[[ DATASET, beginning ]]

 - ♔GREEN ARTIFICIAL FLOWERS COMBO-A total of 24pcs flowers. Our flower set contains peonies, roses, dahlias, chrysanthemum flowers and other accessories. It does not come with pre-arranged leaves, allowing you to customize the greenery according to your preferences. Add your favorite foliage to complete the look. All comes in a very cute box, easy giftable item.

[[ DATASET, end ]]
[[ DATASET, beginning ]]

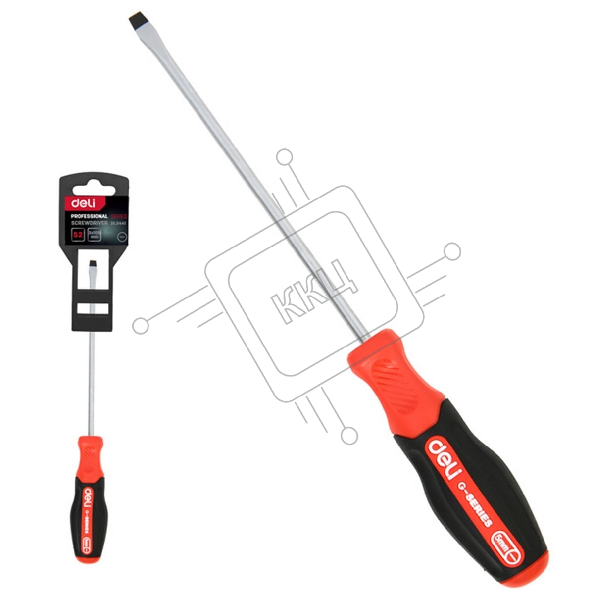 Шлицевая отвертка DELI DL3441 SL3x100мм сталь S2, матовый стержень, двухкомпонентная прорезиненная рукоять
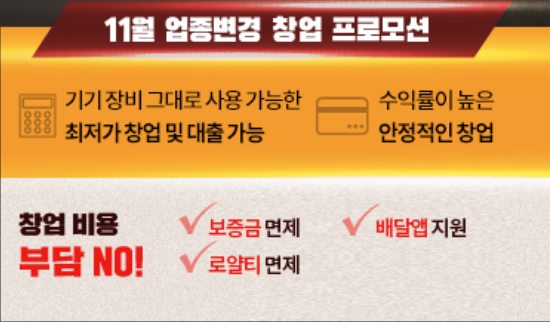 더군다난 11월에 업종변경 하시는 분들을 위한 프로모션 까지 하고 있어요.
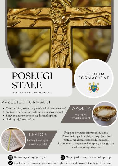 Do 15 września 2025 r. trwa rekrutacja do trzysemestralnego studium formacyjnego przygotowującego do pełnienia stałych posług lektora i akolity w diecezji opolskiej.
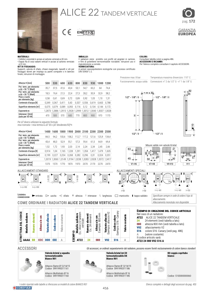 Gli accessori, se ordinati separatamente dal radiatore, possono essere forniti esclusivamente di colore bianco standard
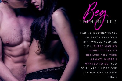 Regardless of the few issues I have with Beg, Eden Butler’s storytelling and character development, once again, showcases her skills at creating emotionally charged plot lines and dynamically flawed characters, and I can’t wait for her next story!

[[ DATASET, end ]]
[[ DATASET, beginning ]]

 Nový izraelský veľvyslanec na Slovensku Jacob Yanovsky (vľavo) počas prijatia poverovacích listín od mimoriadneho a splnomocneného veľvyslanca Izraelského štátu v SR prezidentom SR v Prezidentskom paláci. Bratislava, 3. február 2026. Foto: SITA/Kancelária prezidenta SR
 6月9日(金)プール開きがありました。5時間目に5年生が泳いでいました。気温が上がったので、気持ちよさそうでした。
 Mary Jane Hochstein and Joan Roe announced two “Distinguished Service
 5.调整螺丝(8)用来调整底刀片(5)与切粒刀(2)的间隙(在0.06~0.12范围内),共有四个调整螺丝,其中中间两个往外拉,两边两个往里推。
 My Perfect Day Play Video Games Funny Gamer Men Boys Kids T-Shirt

[[ DATASET, end ]]

— EXERCISE —
The expected answer is an exact copy of the lines above, beginning at the line with "Mary Jane Hochstein" and ending at the line with "My Perfect Day", with both ends in.

— FINISHED EXERCISE —
 Mary Jane Hochstein and Joan Roe announced two “Distinguished Service
 5.调整螺丝(8)用来调整底刀片(5)与切粒刀(2)的间隙(在0.06~0.12范围内),共有四个调整螺丝,其中中间两个往外拉,两边两个往里推。
 My Perfect Day Play Video Games Funny Gamer Men Boys Kids T-Shirt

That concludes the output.